### Problem statement
Transcribe only what runs from the line containing "Ngày 15/7/2023 (28/5/" through the end of the listing, line for line and exactly, and omit the pictures.

### Collected data
-=-=-=-=-

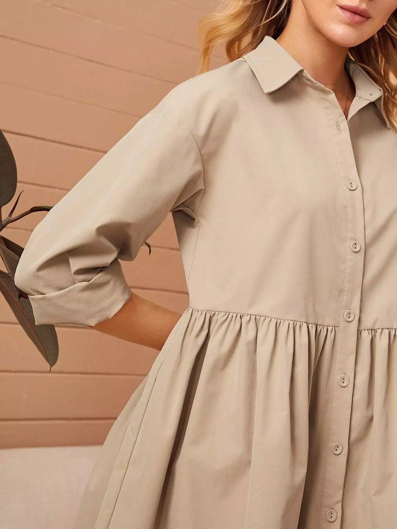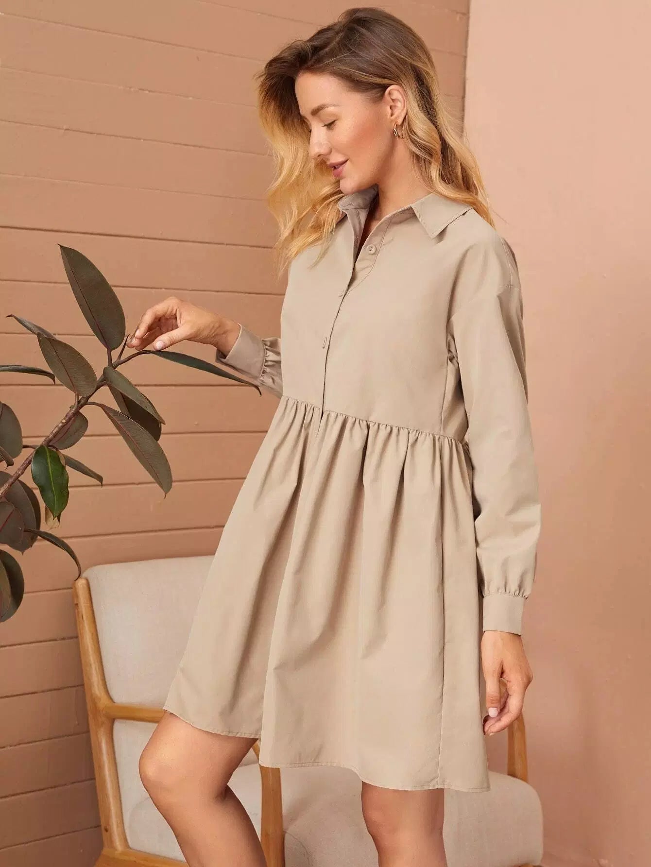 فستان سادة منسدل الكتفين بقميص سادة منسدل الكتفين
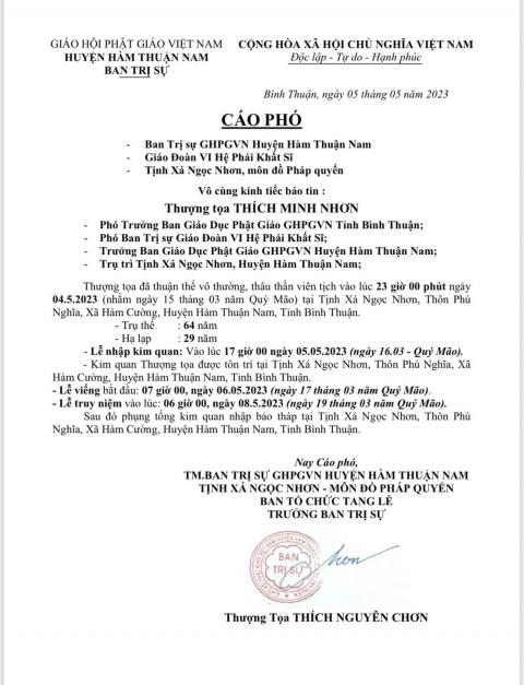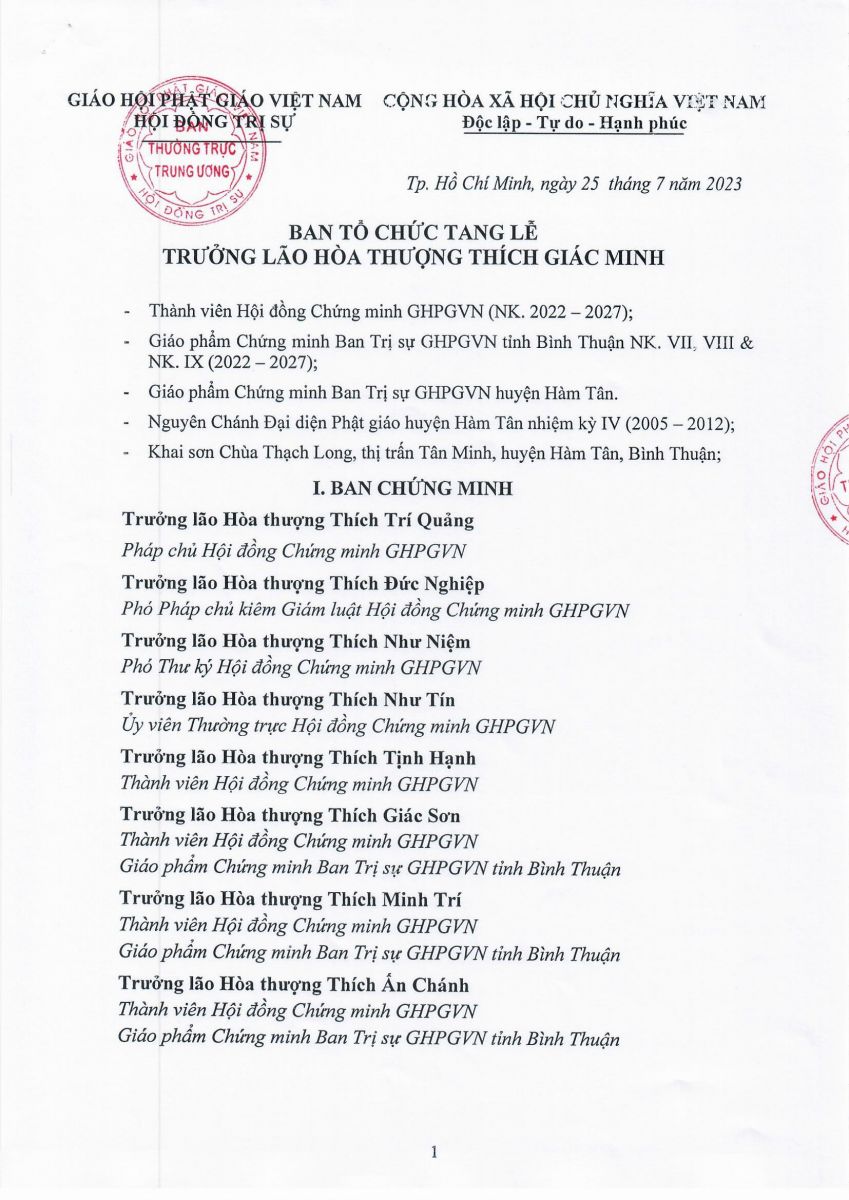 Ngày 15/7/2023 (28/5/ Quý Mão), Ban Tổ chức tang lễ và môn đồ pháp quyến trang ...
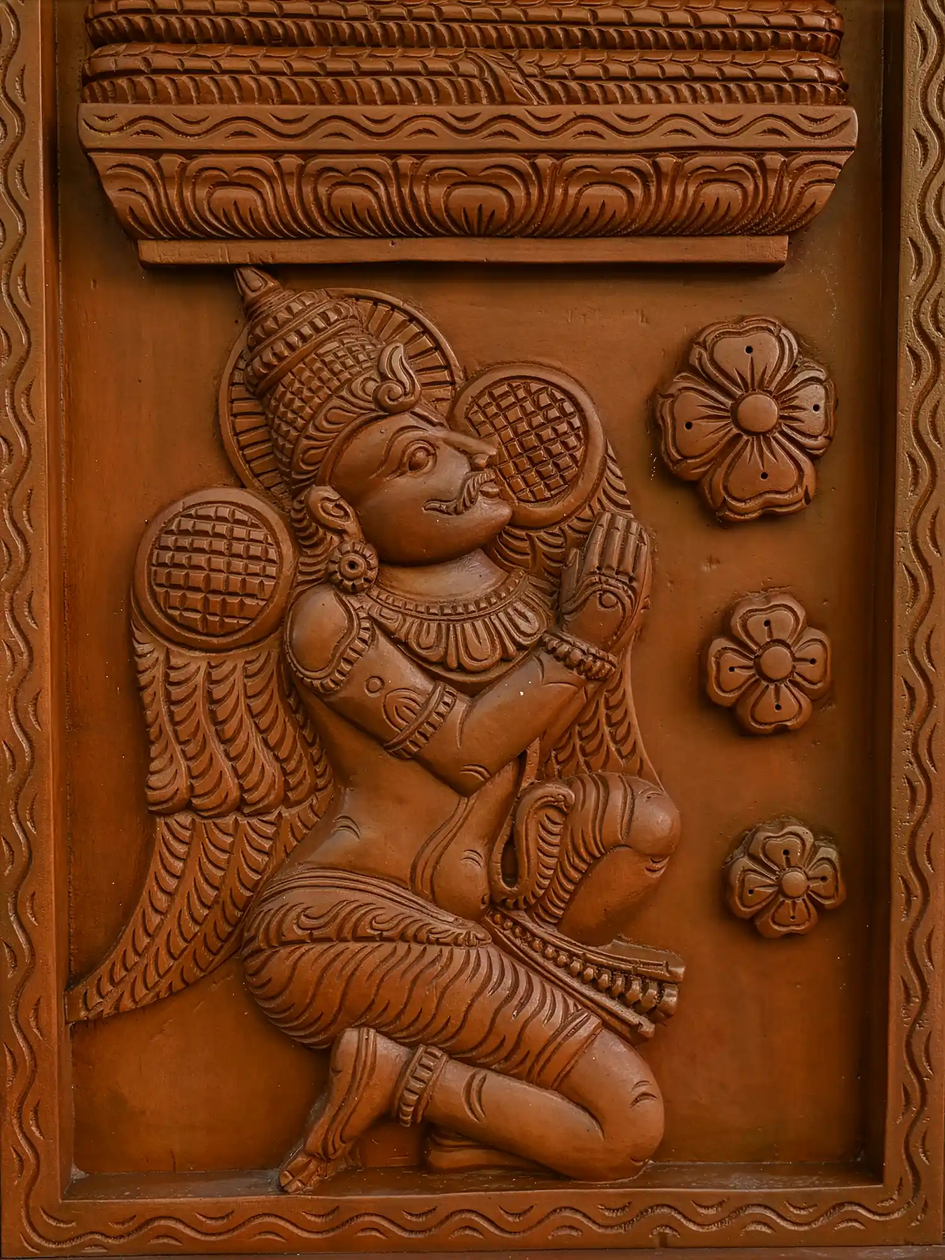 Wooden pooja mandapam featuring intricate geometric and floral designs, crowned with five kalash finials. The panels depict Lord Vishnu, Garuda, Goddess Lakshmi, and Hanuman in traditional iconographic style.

-=-=-=-=-

### Answer to this exercise
 Ngày 15/7/2023 (28/5/ Quý Mão), Ban Tổ chức tang lễ và môn đồ pháp quyến trang ...
 Wooden pooja mandapam featuring intricate geometric and floral designs, crowned with five kalash finials. The panels depict Lord Vishnu, Garuda, Goddess Lakshmi, and Hanuman in traditional iconographic style.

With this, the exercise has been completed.